Defense in depth: a whitelist of safe identifier characters, applied to every token before it touches SPL:

_TOKEN_RE = re.compile(r"^[A-Za-z0-9_*\-]+$")

def _safe_token(s: str, kind: str) -> str:
    if not _TOKEN_RE.match(s):
        raise ValueError(f"unsafe {kind} token: {s!r}")
    return s

The CLI is the trust boundary, but a defence-in-depth whitelist costs two lines and closes a footgun.

From `Fingerprint` to KV row

The persistence layer (memory.py) wraps the fingerprint in an Anchor envelope, assigns a UUID, and writes one document:

def save_anchor(name, start, end, scope, fp) -> Anchor:
    ensure_collections()
    anchor = Anchor(
        id=str(uuid.uuid4()),
        name=name,
        created_at=datetime.now(timezone.utc),
        created_by=getpass.getuser(),
        time_range=TimeRange(start=start, end=end),
        scope=scope,
        fingerprint=fp,
    )
    doc = json.loads(anchor.model_dump_json())
    doc["_key"] = anchor.id
    kv_insert("anchors", doc)
    return anchor

Two small things worth noting:

ensure_collections() is idempotent. The first anchor capture on a fresh Splunk creates the three collections; subsequent calls are a no-op. This is what makes the setup_ecs.sh install in post 6 survive re-runs.
_key = anchor.id. KV Store auto-assigns a key if you don’t, but we want the UUID to be the key so kv_get("anchors", id) is a direct lookup rather than a query.

What an anchor looks like in JSON

Roughly:

{
  "_key": "8d3a...",
  "id":   "8d3a...",
  "name": "Healthy Week",
  "created_at": "2026-05-27T18:42:11Z",
  "created_by": "fenjian",
  "time_range": {"start": "2026-05-20T00:00:00Z", "end": "2026-05-27T00:00:00Z"},
  "scope": {"indexes": ["main"], "sourcetypes": []},
  "fingerprint": {
    "event_volume":  {"per_source": {"_json": 412380}, "total": 412380, "hourly_profile": [...]},
    "log_patterns":  [{"template": "...", "frequency_pct": 18.4, "count": 75880, ...}, ...],
    "error_rates":   {"_json": {"error_count": 142, "warn_count": 503, "total": 412380}},
    "key_metrics":   {"latency_ms": {"p50": 78.1, "p95": 312.4, ...}},
    "top_hosts":     [{"host": "checkout-7d4b...", "event_count": 41280}, ...]
  }
}

You can inspect this in the Splunk Web UI under Settings → Lookups → KV store collections → anchors. Useful sanity check on first install.

What this buys us

Two superpowers, one each for the next two posts:

Post 3 — every later compare re-runs the same five SPL queries on a different window, produces a second Fingerprint, and the diff engine subtracts the two.
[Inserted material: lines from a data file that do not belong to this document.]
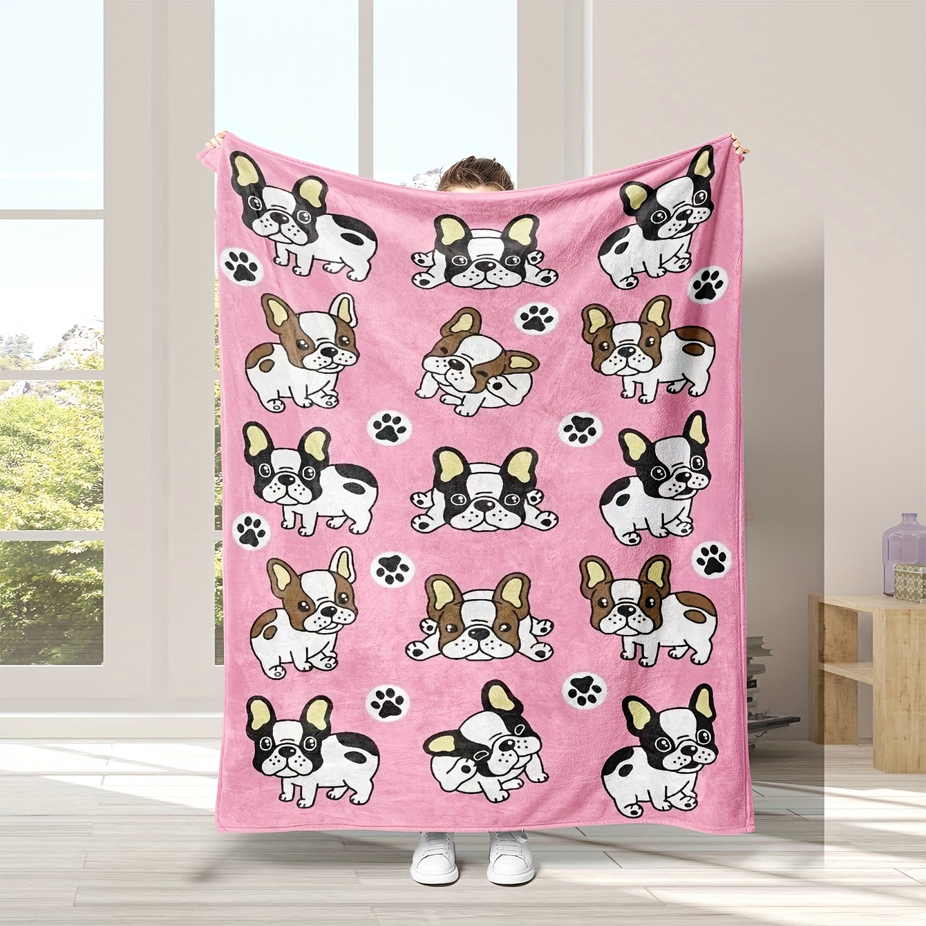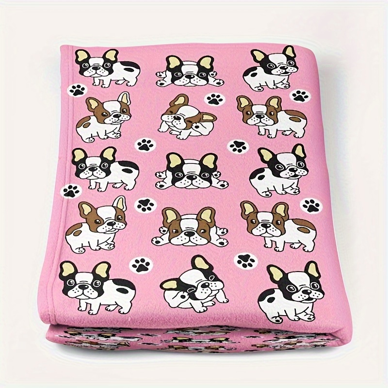 1pc Cute Cartoon Bulldog Print Blanket, Flannel Blanket, Soft Warm Throw Blanket Nap Blanket For Couch Sofa Office Bed Camping Travel, Multi-purpose Gift Blanket For All Season
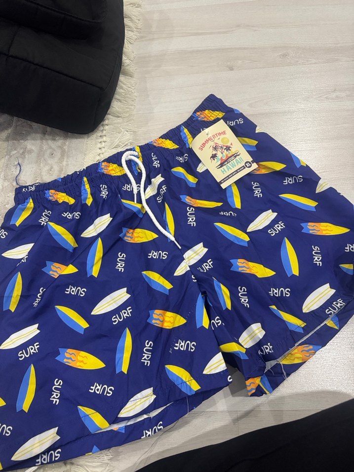 Renkli, bol kesim ve lastikli bel detaylı erkek şortu, mavi tie-dye ve sörf tahtası desenli.
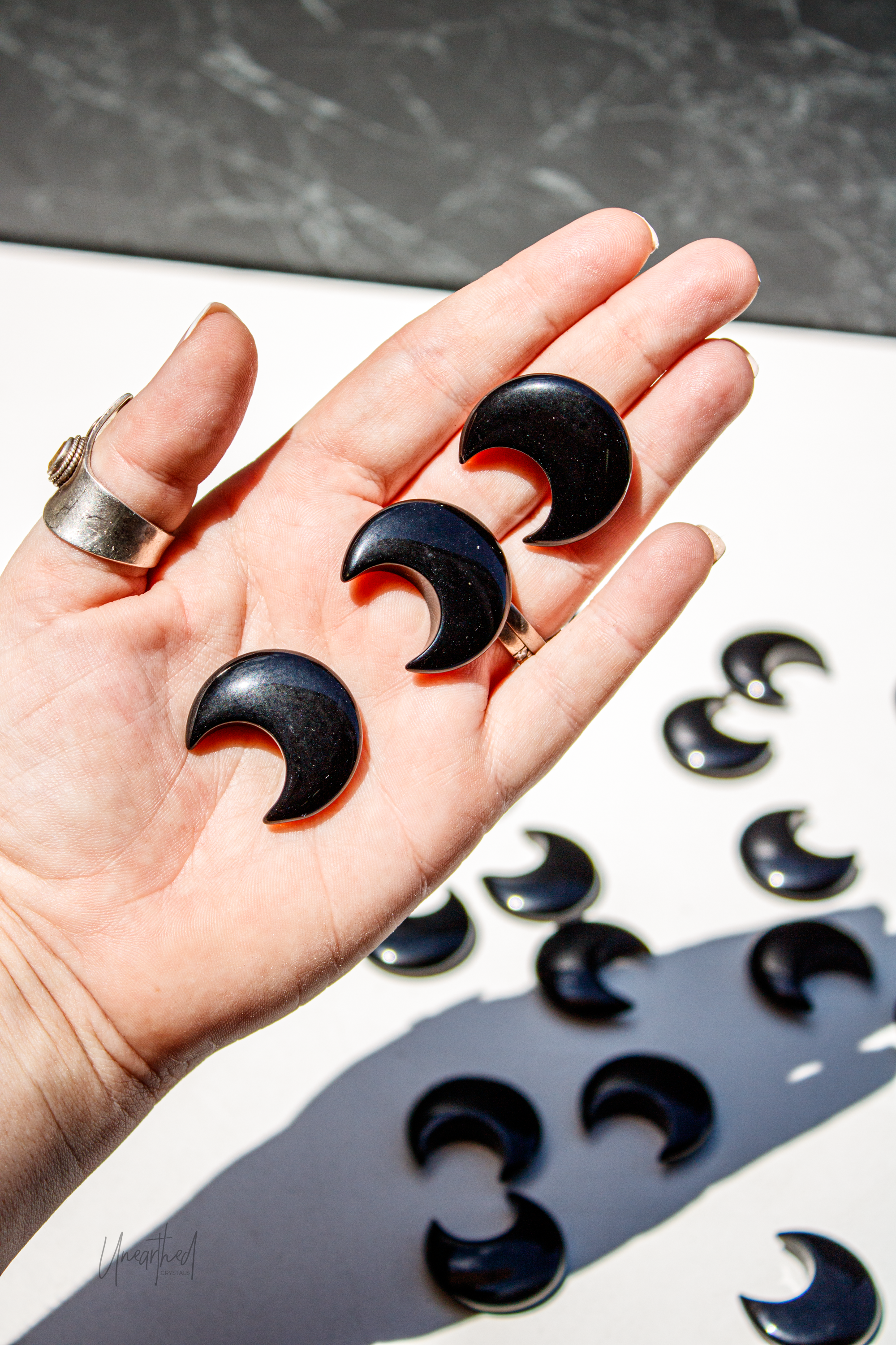 Black Obsidian Crescent Moon Carving | 3cm
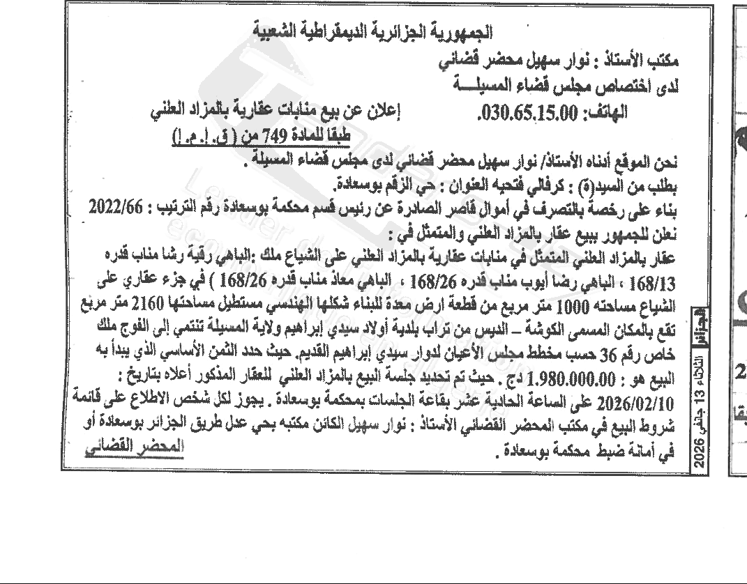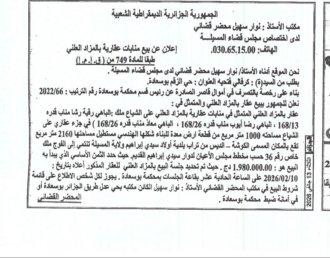 | Paru dans le journal : الجزائر | |
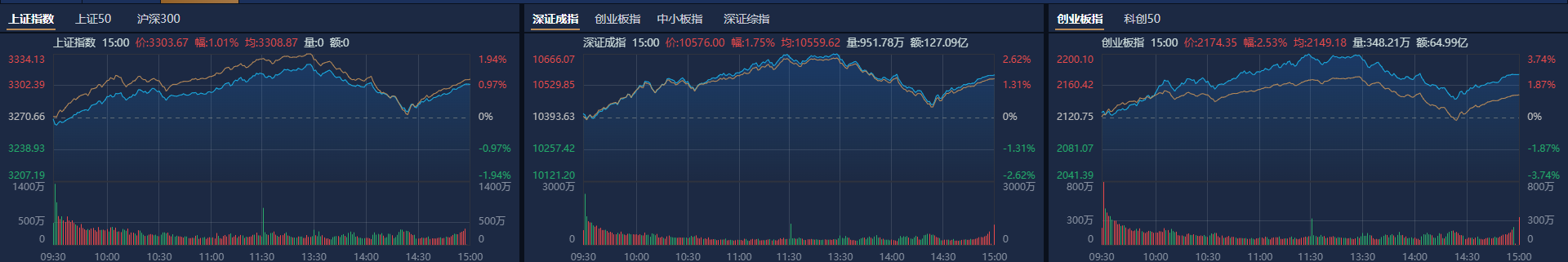 市场全天冲高回落,创业板指领涨。截至收盘,沪指涨1.01%,深成指涨1.75%,创业板指涨2.53%。
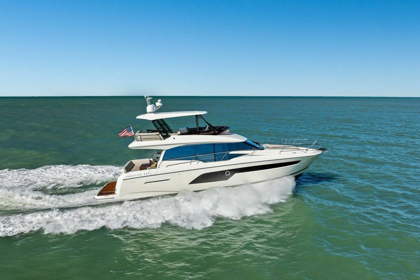 2022 Prestige 520 Fly “NO PATIENCE” is a prime example of well cared for yacht that effortlessly blends modern luxury, intelligent design, and confident performance. This 520 Fly is defined by her abundance of natural light, open sightlines, and a layout that feels far larger than her length overall. Expansive salon windows, seamless indoor-outdoor flow, and multiple entertaining zones create an atmosphere that is both refined and relaxed—ideal for long weekends aboard or extended cruising with family and friends.

Pure functions, no LLM.
Post 4 — when the LLM eventually does see the data, it sees the ranked diff, not raw logs. That keeps the prompt small and the cost bounded.

What we didn’t include (and why)

No raw events. Anchor stores statistics, not log payloads. PII stays in your indexers; the fingerprint is safe to ship anywhere.
No embeddings on the anchor itself. We embed signals (post 3), not raw text. One embedding per drift, not per event.
No “trends”. A baseline is a single window. If you want to capture weekly seasonality, capture multiple baselines and pick the one whose scope matches the compare window. Simpler than generalizing.